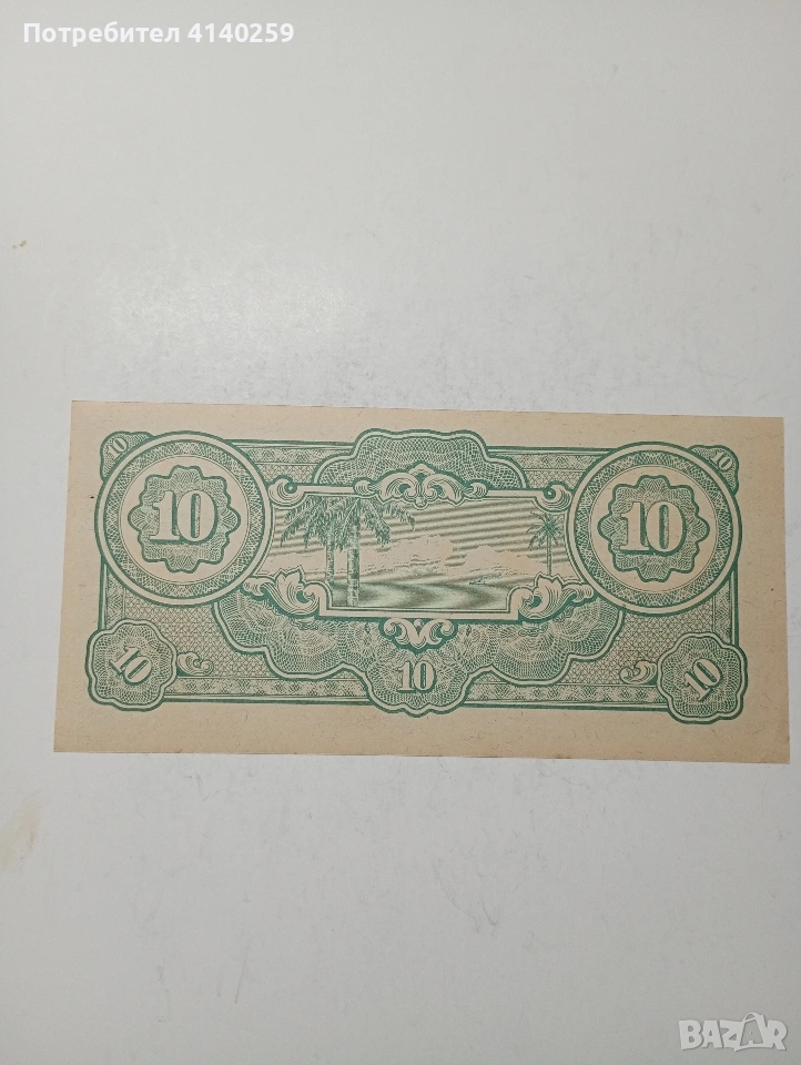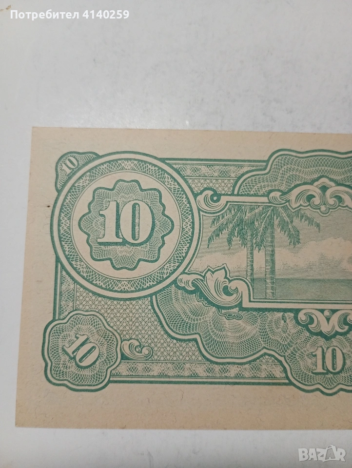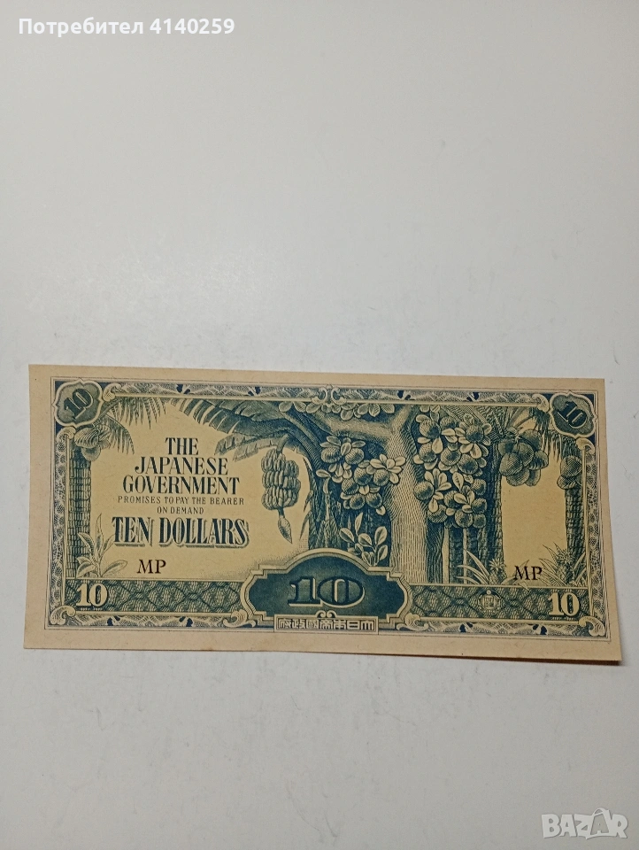 БАНКНОТА ЯПОНСКА ОКУПАЦИЯ ВОЕННА 10 ДОЛАРА МАЛАЯ 1942-1942 Г ( ИЗВЕСНА КАТО БАНАНОВИ ПАРИ ) РЯДКА В КАЧЕСТВОТО СЪСТОЯНИЕ НОВО ПОЛУЧАВАТЕ СНИМАНАТА БАНКНОТА РАЗГЛЕДАЙТЕ ДРУГИТЕ МИ ОБЯВИ ДА КОМБИНИРАТЕ ДОСТАВКА ЕКОНТ ЗА ВАРНА ЛИЧНО
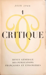 REVUE. CRITIQUE. — Revue générale des publications françaises et étrangères. — Paris, Éditions de Minuit, juin 1946 - décembre 1962, n°1 à 187, soit 171 volumes dont 16 numéros doubles.
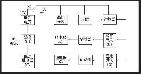 繼電器有晶體振蕩器、分頻器、整定開(kāi)關(guān)、驅(qū)動(dòng)電路和電源回路等組成。當(dāng)繼電器施加額定電壓時(shí),繼電器內(nèi)部瞬動(dòng)繼電器和兩個(gè)延時(shí)繼電器瞬時(shí)動(dòng)作,觸點(diǎn)切換,并使電源回路與計(jì)時(shí)回路處于失電狀態(tài),以提高繼電器抗干擾性能。當(dāng)輸入電壓大大降低或完全消失時(shí),瞬動(dòng)繼電器瞬時(shí)返回(兩個(gè)延時(shí)執(zhí)行繼電器仍處于動(dòng)作狀態(tài)),觸點(diǎn)也瞬時(shí)返回,使儲(chǔ)能電源接通計(jì)時(shí)回路,晶體振蕩產(chǎn)生時(shí)鐘脈沖,經(jīng)分頻后得到10ms計(jì)時(shí)脈沖,計(jì)數(shù)器對(duì)計(jì)時(shí)脈沖計(jì)數(shù),當(dāng)所計(jì)脈沖數(shù)與整定開(kāi)關(guān)值符合時(shí),驅(qū)動(dòng)執(zhí)行繼電器返回,完成斷電后延時(shí)返回的功能。原理圖如下圖所示
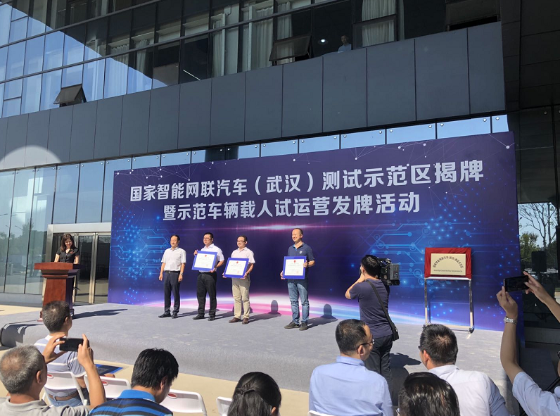 国家智能网联汽车(武汉)测试示范区正式揭牌,同时武汉市交通运输局为深兰科技等三家企业颁发了全球首张自动驾驶商用牌照。
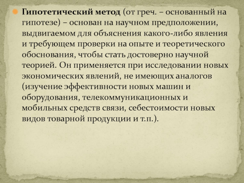 Слайд 29Гипотетический метод (от греч. – основанный на гипотезе) – основан на
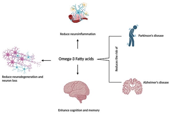 Additionally, growing evidence from studies suggests that ω-3 PUFAs offer significant neuroprotective effects against age-related neurodegenerative diseases, including Alzheimer’s disease (AD) and various forms of dementia [32,33]. AD, a progressive neurodegenerative disorder affecting millions globally, is estimated to have impacted approximately 6.5 million Americans aged 65 and older in 2021 [34,35]. While current medications provide some relief for mild-to-moderate symptoms, they lack the ability to slow disease progression. Mounting evidence suggests a potential therapeutic role for ω-3 PUFAs in age-related AD [36]. Deficiency in ω-3 PUFAs has been linked to an increased risk of AD and depression in older adults (>75 years old) [37], while supplementation with EPA and DHA has shown potential in improving cognitive function and reducing AD risk in healthy women over 60 [38].
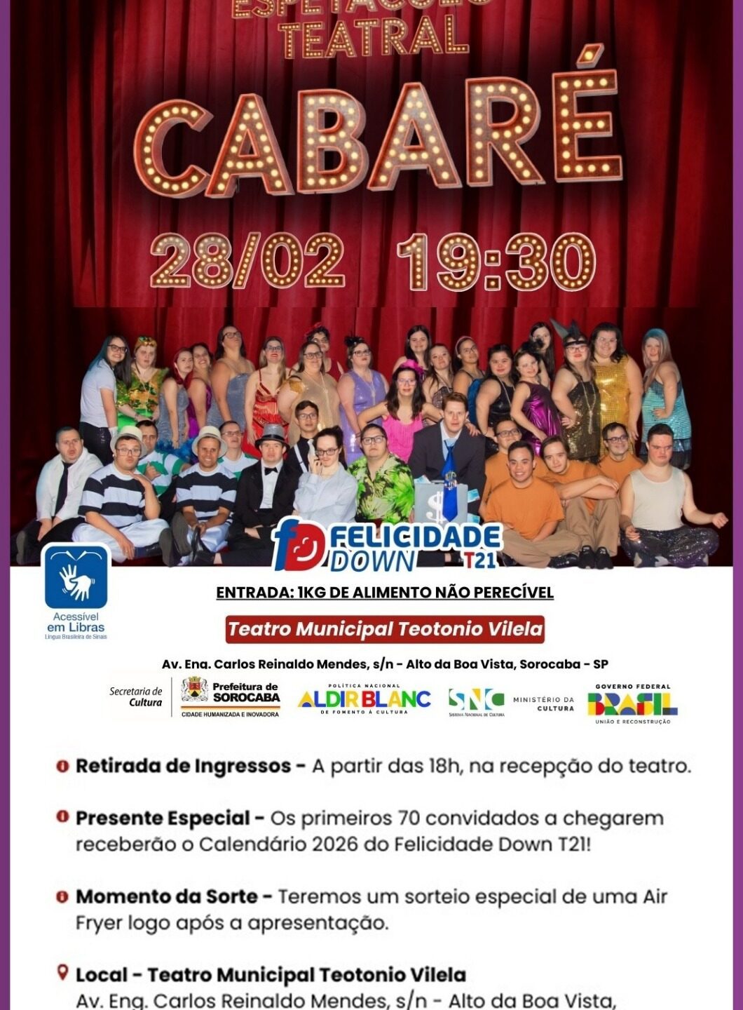 O espetáculo teatral Cabaré será apresentado em Sorocaba, no sábado 28/02, às 19h30 no Teatro Municipal Teotônio Vilela, localizado na Av. Eng. Carlos Reinaldo Mendes, s/n – Alto da Boa Vista, em Sorocaba. A apresentação é gratuita.
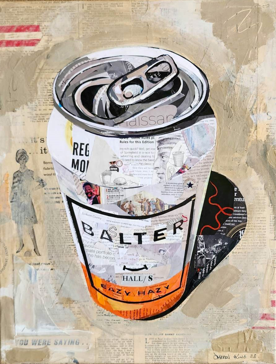 Hundreds of small pieces from different sources are combined to create this textural one of a kind original. The can and shadow are all paper collage, the background is acrylic paint over collage to create a contrast.
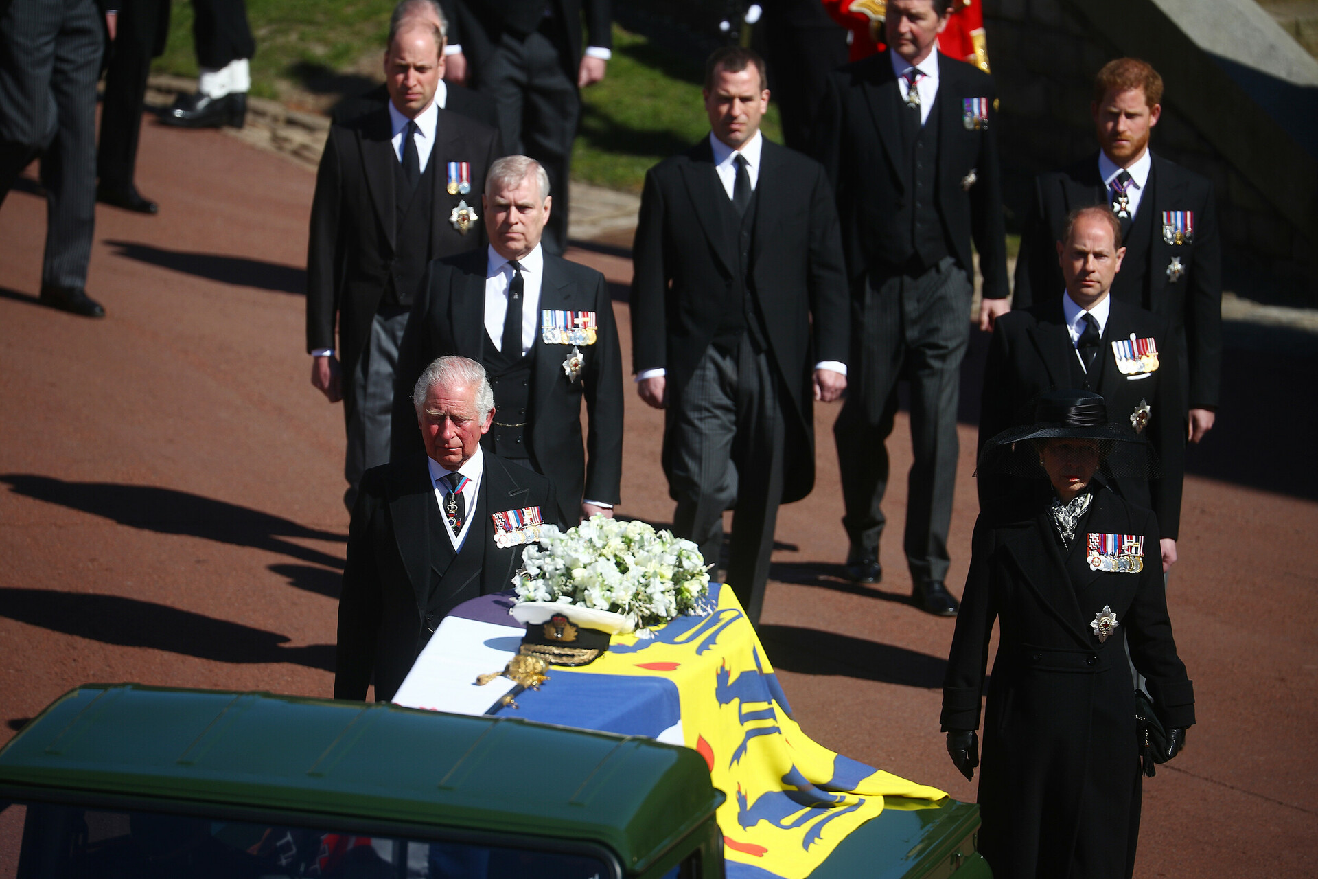 Το φέρετρο είχε τοποθετηθεί πάνω σε ένα ειδικά διαμορφωμένο Land Rover, το οποίο ακολουθούσε μια πομπή από τα ανώτερα μέλη της βρετανικής βασιλικής οικογένειας, μεταξύ των οποίων ο πρίγκιπας Κάρολος και οι πρίγκιπες Ουίλιαμ και Χάρι.
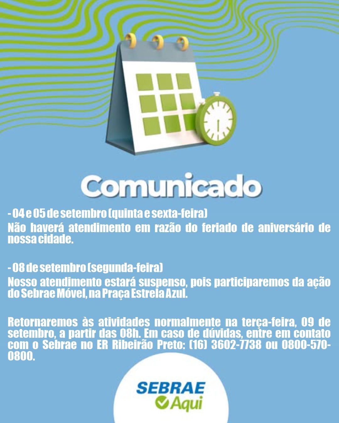 Atendimento suspenso. Nossa equipe estará participando da ação do Sebrae Móvel, na Praça Estrela Azul.
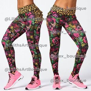 ☆Zumba La Pachanga Ruffle Leggings featuring bold floral print with leopard print waistband. Designed with playful ruffle detail at the back waist, full-length slim fit, and vibrant all-over graphics. Wide waistband, compression fabric 4-way.
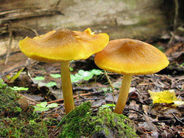 La cucaracha de color amarillo león es un pequeño hongo de un color brillante en un tallo muy delgado. La carne es densa, puede ser salmón, dorada o marrón. El color de la parte interior depende de la edad del cuerpo fructífero y del lugar donde crece el micelio. Polvo de esporas de color rosa claro. Los platos son frecuentes, sueltos y anchos. A una edad temprana son de color blanco rosado, a una edad más madura son de color rosa.
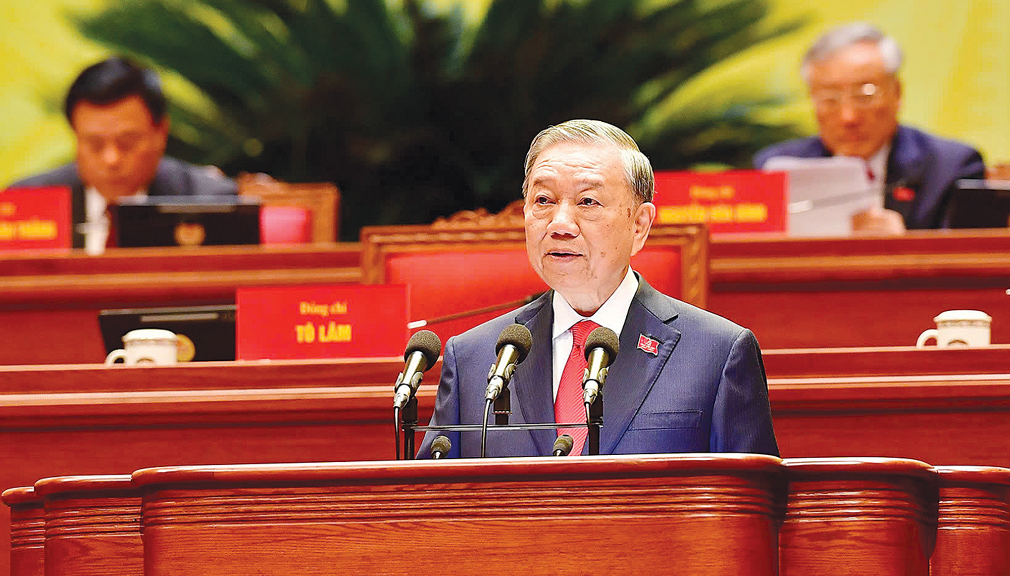 Tổng Bí thư Tô Lâm trình bày Báo cáo của Ban Chấp hành Trung ương Đảng khóa XIII về các văn kiện trình Đại hội XIV của Đảng.

> _Task goal_
Return the data word for word without its pictures.

> _Solved exercise_
 БАНКНОТА ЯПОНСКА ОКУПАЦИЯ ВОЕННА 10 ДОЛАРА МАЛАЯ 1942-1942 Г ( ИЗВЕСНА КАТО БАНАНОВИ ПАРИ ) РЯДКА В КАЧЕСТВОТО СЪСТОЯНИЕ НОВО ПОЛУЧАВАТЕ СНИМАНАТА БАНКНОТА РАЗГЛЕДАЙТЕ ДРУГИТЕ МИ ОБЯВИ ДА КОМБИНИРАТЕ ДОСТАВКА ЕКОНТ ЗА ВАРНА ЛИЧНО
 REVUE. CRITIQUE. — Revue générale des publications françaises et étrangères. — Paris, Éditions de Minuit, juin 1946 - décembre 1962, n°1 à 187, soit 171 volumes dont 16 numéros doubles.
 繼電器有晶體振蕩器、分頻器、整定開(kāi)關(guān)、驅(qū)動(dòng)電路和電源回路等組成。當(dāng)繼電器施加額定電壓時(shí),繼電器內(nèi)部瞬動(dòng)繼電器和兩個(gè)延時(shí)繼電器瞬時(shí)動(dòng)作,觸點(diǎn)切換,并使電源回路與計(jì)時(shí)回路處于失電狀態(tài),以提高繼電器抗干擾性能。當(dāng)輸入電壓大大降低或完全消失時(shí),瞬動(dòng)繼電器瞬時(shí)返回(兩個(gè)延時(shí)執(zhí)行繼電器仍處于動(dòng)作狀態(tài)),觸點(diǎn)也瞬時(shí)返回,使儲(chǔ)能電源接通計(jì)時(shí)回路,晶體振蕩產(chǎn)生時(shí)鐘脈沖,經(jīng)分頻后得到10ms計(jì)時(shí)脈沖,計(jì)數(shù)器對(duì)計(jì)時(shí)脈沖計(jì)數(shù),當(dāng)所計(jì)脈沖數(shù)與整定開(kāi)關(guān)值符合時(shí),驅(qū)動(dòng)執(zhí)行繼電器返回,完成斷電后延時(shí)返回的功能。原理圖如下圖所示
 国家智能网联汽车(武汉)测试示范区正式揭牌,同时武汉市交通运输局为深兰科技等三家企业颁发了全球首张自动驾驶商用牌照。
 Слайд 29Гипотетический метод (от греч. – основанный на гипотезе) – основан на
 Additionally, growing evidence from studies suggests that ω-3 PUFAs offer significant neuroprotective effects against age-related neurodegenerative diseases, including Alzheimer’s disease (AD) and various forms of dementia [32,33]. AD, a progressive neurodegenerative disorder affecting millions globally, is estimated to have impacted approximately 6.5 million Americans aged 65 and older in 2021 [34,35]. While current medications provide some relief for mild-to-moderate symptoms, they lack the ability to slow disease progression. Mounting evidence suggests a potential therapeutic role for ω-3 PUFAs in age-related AD [36]. Deficiency in ω-3 PUFAs has been linked to an increased risk of AD and depression in older adults (>75 years old) [37], while supplementation with EPA and DHA has shown potential in improving cognitive function and reducing AD risk in healthy women over 60 [38].
 O espetáculo teatral Cabaré será apresentado em Sorocaba, no sábado 28/02, às 19h30 no Teatro Municipal Teotônio Vilela, localizado na Av. Eng. Carlos Reinaldo Mendes, s/n – Alto da Boa Vista, em Sorocaba. A apresentação é gratuita.
 Hundreds of small pieces from different sources are combined to create this textural one of a kind original. The can and shadow are all paper collage, the background is acrylic paint over collage to create a contrast.
 Το φέρετρο είχε τοποθετηθεί πάνω σε ένα ειδικά διαμορφωμένο Land Rover, το οποίο ακολουθούσε μια πομπή από τα ανώτερα μέλη της βρετανικής βασιλικής οικογένειας, μεταξύ των οποίων ο πρίγκιπας Κάρολος και οι πρίγκιπες Ουίλιαμ και Χάρι.
 Atendimento suspenso. Nossa equipe estará participando da ação do Sebrae Móvel, na Praça Estrela Azul.
 ☆Zumba La Pachanga Ruffle Leggings featuring bold floral print with leopard print waistband. Designed with playful ruffle detail at the back waist, full-length slim fit, and vibrant all-over graphics. Wide waistband, compression fabric 4-way.
 La cucaracha de color amarillo león es un pequeño hongo de un color brillante en un tallo muy delgado. La carne es densa, puede ser salmón, dorada o marrón. El color de la parte interior depende de la edad del cuerpo fructífero y del lugar donde crece el micelio. Polvo de esporas de color rosa claro. Los platos son frecuentes, sueltos y anchos. A una edad temprana son de color blanco rosado, a una edad más madura son de color rosa.
 Tổng Bí thư Tô Lâm trình bày Báo cáo của Ban Chấp hành Trung ương Đảng khóa XIII về các văn kiện trình Đại hội XIV của Đảng.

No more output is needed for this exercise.